В том-то и беда, что отупение и усталость, физическое бессилие и безразличие ко всему, кроме сиюминутного максимально доступного минимального комфорта, вот наши главные советники и помощники во всех практически решениях на фоне стремительно текущих событий уходящей из под ног жизни.

Пустая порода

Вот, начинаешь мечтать. Я имею в виду, когда совсем уж невмоготу прямо даже с утра начинать жизнь, то есть что-то случилось еще и сверх программы, что нарушило заведенный худо-бедно порядок. Ну простите, пародию на порядок. Короче говоря, вы уже малодушно были готовы продолжать лживые и убогие будни, но вот какие-то супостаты, возможно, исполняя поручение вашего же ангела-хранителя, – ну не дают вам такой возможности. Все, приехали. Как в том анекдоте – слепой и одноглазый поплыли куда-то через озеро на лодке, слепой гребет, одноглазый рулит. Посреди озера слепой неудачно как-то взмахнул веслом и выбил одноглазому его единственный глаз, на что тот, естественно, говорит: «абзац, приехали!». Ну, а слепой поверил и вышел из лодки.
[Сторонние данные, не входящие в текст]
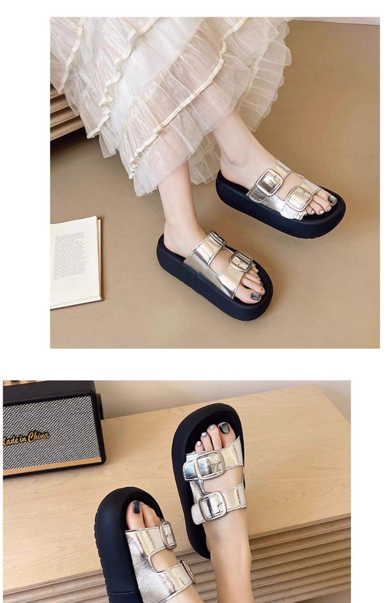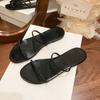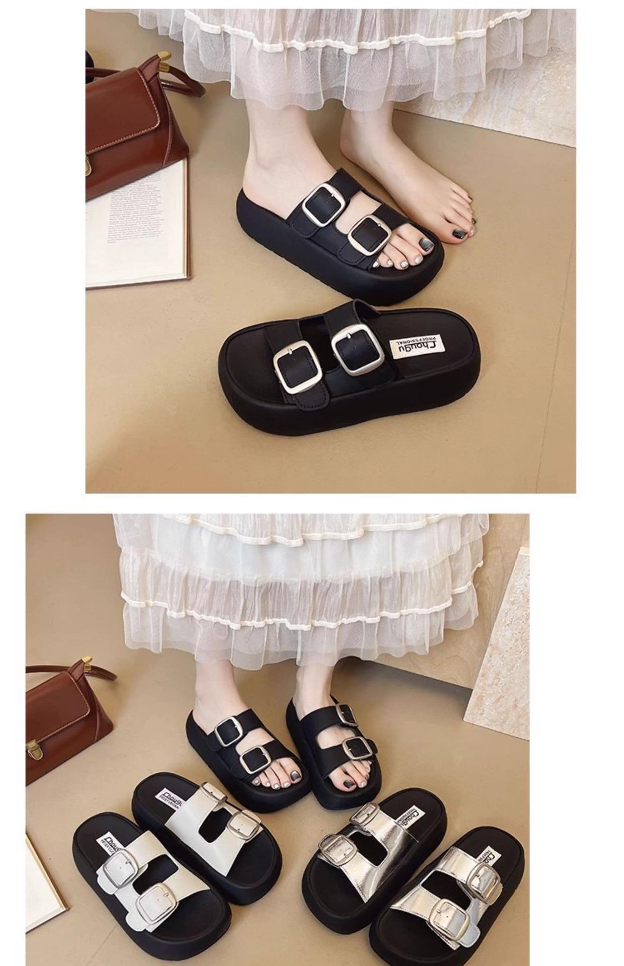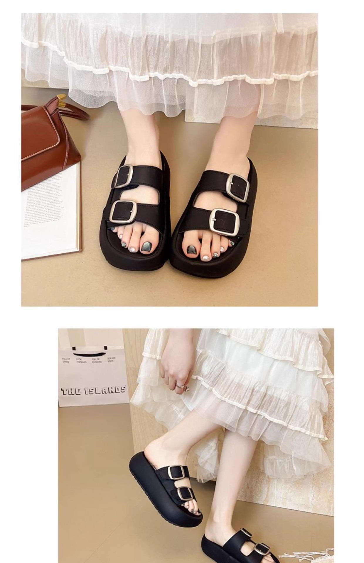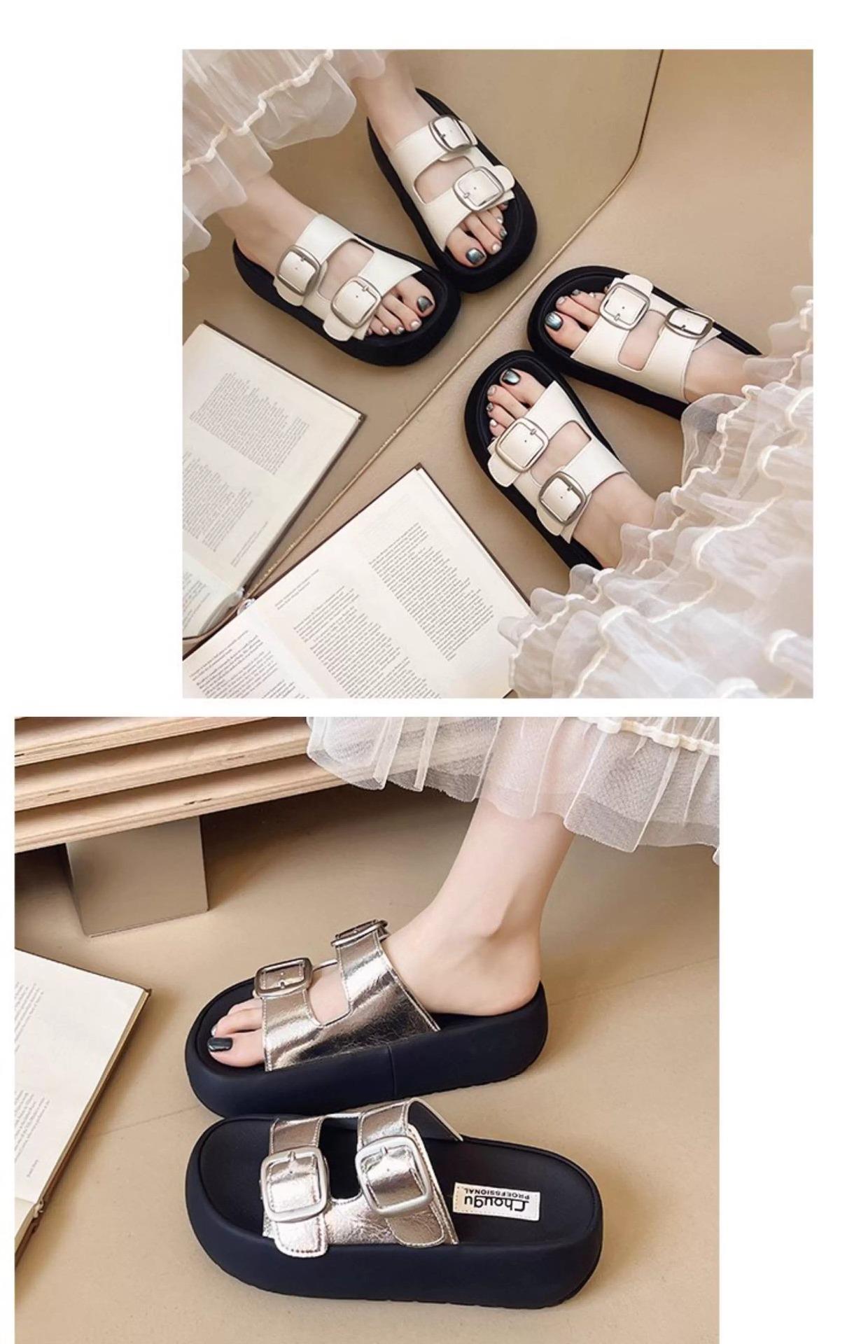 Pantuflas planas con hebilla para mujer para usar en exteriores 2025 Primavera y Verano Nuevo Color puro Doble tira Zapatos de playa Pantuflas casuales y versátiles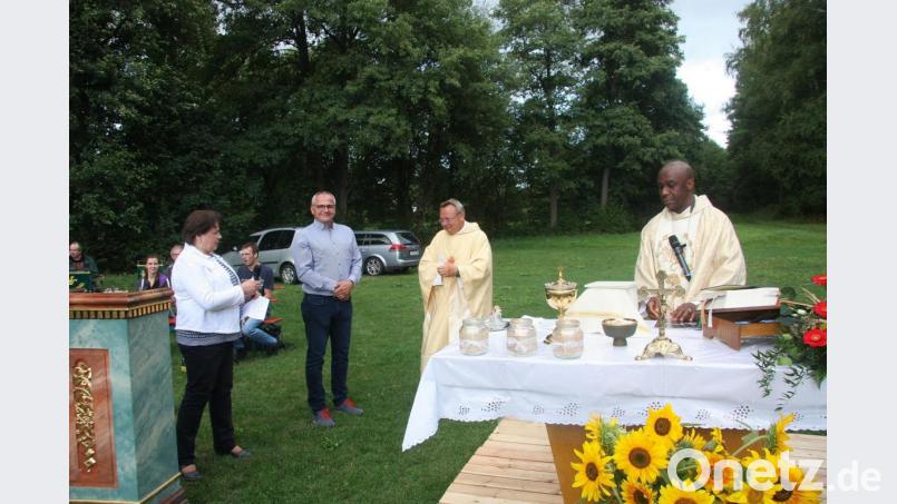 Das Fest der Pfarreiengemeinschaft war auch ein symbolischer Ehrentag der Vereine. Viele von ihnen – nur zwei Beispiele - die Blaskapelle oder die Gesellschaft "Steinwaldia" - mussten wegen der Corona-Pandemie ihre Jubiläums-Pläne verwerfen. Auch daran erinnerte Pfarrer Josef Waleszczuk. Er bedauerte dies. In seiner Begrüßungsansprache gestand der Geistliche der noch jungen Pfarreiengemeinschaft Pullenreuth/ Neusorg: „Wir sind dankbar dafür, dass Du, Pfarrer Paul, vor gut einem Jahr zu uns gekommen bist.“ Waleszczuk ergänzte: „Bitten wir um Gottes Segen für Dich.“ Man freue sich über die freundlichen Worte des Pfarrers aus Nigeria, fuhr der Geistliche fort und gratulierte ihm zum Priesterjubiläum. Ezenwa erwiderte: „Es ist bereits 20 Jahre her, dass Gott mich zum Priester berufen hat, ohne an meine Unwürdigkeit zu denken.“ Gott habe ihn immer unterstützt. „Ich freue mich, dass ihr den Gottesdienst, organisiert von den Vereinen, mit mir feiern möchtet.“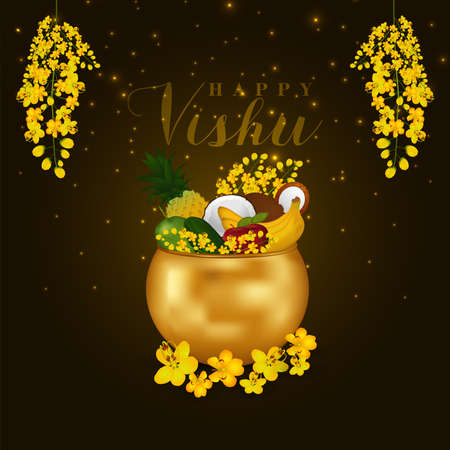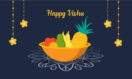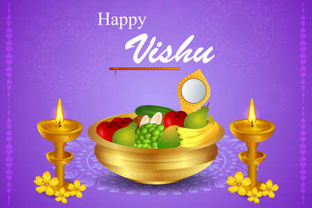 Happy Vishu greetings. April 14 Kerala festival with Vishu Kani, vishu flower Fruits and vegetables in a bronze vessel. vector illustration design

Ну и вот. Вы оказались в холодной воде реальности. От слепоты помогает, но это, оказывается, был не единственный недуг. Просто затмевал все прочие. Так вот, надо что-то решать, предпринимать. Такое вроде безобидное слово, пока из него не сделают существительное. Значит, как по составу помоек можно судить об уровне жизни общества, так и по анализу Утраты можно догадываться, отдаленно, в чем же мы нуждаемся на самом деле, а не по наущению дьявола.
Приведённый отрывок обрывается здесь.